The head of TransAtlantic wanted Rita Lakin to write a pilot called The Last Bride of Salem. She agreed provided he give her husband, Robert Michael Lewis, the job of directing one of the Australian films.

The stars were Richard Benjamin and Paula Prentiss, who were married in real life. They accepted the parts because it gave them a chance to visit Sydney, and because the film was a thriller, and both were better known for comedy . "I haven't played a serious role like this before, I'm always comedy oriented," said Prentiss.

They had acted together in the TV show He and She and on stage in The Norman Conquests, but had never previously appeared in a film together where they shared screen time (they were both in Catch 22 but did not appear in the same scenes).

Benjamin and Prentiss arrived in Sydney on September 8 and filming started September 14.

===Filming===
Lewis says Lakin came to Australia to work on the script with George Kirgo and Joe Gantman "but we never fundamentally solved the problems. I mean, it was okay but it wasn't breathtaking."

Filming took place in and around Sydney Harbour and the Rocks. Prentiss and Benjamin enjoyed the shoot in part because they so rarely acted together on film.
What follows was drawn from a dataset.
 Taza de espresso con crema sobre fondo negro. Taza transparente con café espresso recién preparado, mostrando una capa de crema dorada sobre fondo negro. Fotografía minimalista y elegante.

Lewis says "the film industry was very primitive" in Australia - he was happy with the cinematographer and camera operator but felt the grips, gaffers and electricians were too inexperienced and the stuntmen were "too careless" and almost caused someone to be injured. "The whole set up was poor," says Lewis.
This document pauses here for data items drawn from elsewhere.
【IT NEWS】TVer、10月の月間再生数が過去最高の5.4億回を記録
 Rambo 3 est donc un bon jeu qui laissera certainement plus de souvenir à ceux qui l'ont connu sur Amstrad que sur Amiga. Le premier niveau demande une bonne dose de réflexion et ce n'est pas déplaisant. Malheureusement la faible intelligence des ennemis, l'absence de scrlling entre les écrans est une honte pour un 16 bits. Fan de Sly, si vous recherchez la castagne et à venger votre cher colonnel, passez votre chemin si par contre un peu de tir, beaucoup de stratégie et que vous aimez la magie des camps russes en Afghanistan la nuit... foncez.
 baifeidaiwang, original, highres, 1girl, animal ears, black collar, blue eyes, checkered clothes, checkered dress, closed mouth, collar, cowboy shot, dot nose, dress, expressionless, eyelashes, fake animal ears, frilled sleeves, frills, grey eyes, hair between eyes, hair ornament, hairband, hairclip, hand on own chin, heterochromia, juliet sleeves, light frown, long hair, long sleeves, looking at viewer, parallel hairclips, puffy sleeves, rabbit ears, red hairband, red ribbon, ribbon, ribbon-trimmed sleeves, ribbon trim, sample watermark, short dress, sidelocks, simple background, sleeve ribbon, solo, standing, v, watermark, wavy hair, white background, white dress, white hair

During filming Lewis fell in love with the woman who was Paula Prentiss' stand in and married her.

Noel Ferrier said "my own estimation of my performance was dreadful... in fairness, it has to be said the whole film was on a par with my contribution in it." He says Prentiss and Benjamin were "charming" but "were both taking fluid pills to preserve their match like slenderness and consequently were forever rushing to the lavatory."

==Reception==
The Sydney Morning Herald TV critic wrote that the film had a "confused plot, badly written script, some appalling miscasting—they all help to dispel the current feeling that maybe, at last Australian films and television have come of age. No Room To Run could have been thrown together 20 years ago, that's how amateurish it is."

The Australian Woman's Weekly wrote "the script... is below average and the production... worse."
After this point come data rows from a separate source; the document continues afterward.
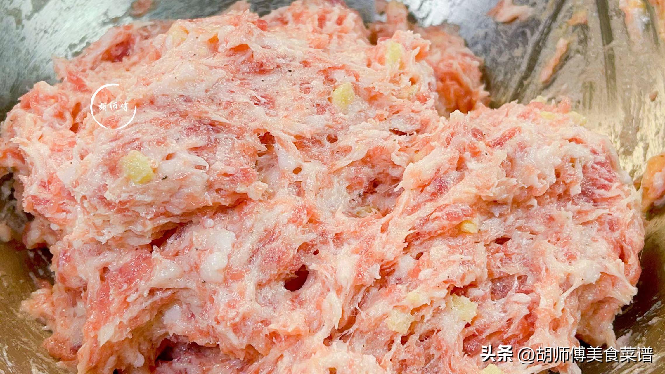 第三步:把前夾肉去皮後洗淨,然後將肉剁成碎末後放入碗中,接着再把雞蛋、澱粉、食鹽、雞精、胡椒粉放入碗中,快速攪拌肉餡,大概朝一個方向攪拌10分鐘左右,肉就非常有勁,這樣做出來的肉丸,喫着會很有彈性。
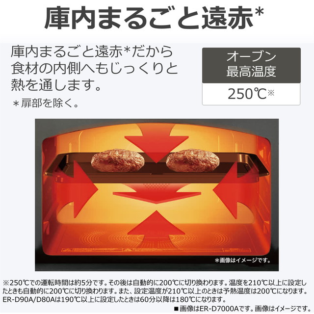 ※1 定格高周波出力1000Wは短時間高出力機能(最大3分)であり、定格連続高周波出力は600Wです。600Wへは自動的に切り換わります。温度調節範囲 発酵(30、35、40、45℃)、100〜250℃※2
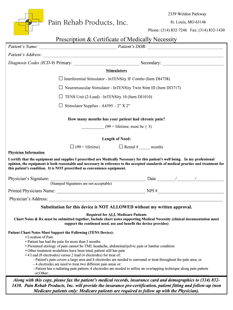 2339 Weldon Parkway St. Louis, MO 63146 Phone: (314) 8327246 Fax: (314) 8321430 Prescription & Certificate of Medically Necessity Patients Name: Patients DOB: Patients Address: Diagnosis Codes (ICD9)
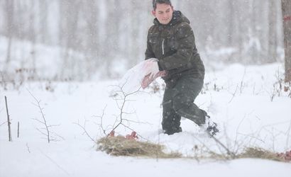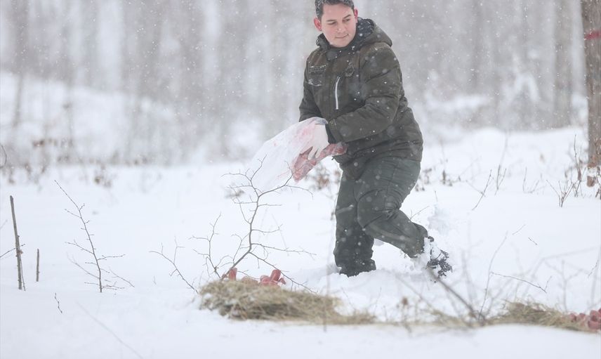 Kırklareli'nde, Doğa Koruma ve Milli Parklar Müdürlüğü ekipleri, yaşanan yoğun kar yağışı nedeniyle yiyecek bulmakta zorlanan yaban hayvanları için doğaya yem bırakma çalışmaları başlattı.

Filmink called it a "thriller that seems uncertain of its tone – the bones are light hearted Hitchcock, but it seems infused with ‘70s seriousness."

Lewis said "the Australian reviews were awful. We re-adjusted Sydney in terms of where things were and literal Australian reviewers couldn't stand that."

==Awards==
Brian May won a Penguin Award for Best Original Music for the film.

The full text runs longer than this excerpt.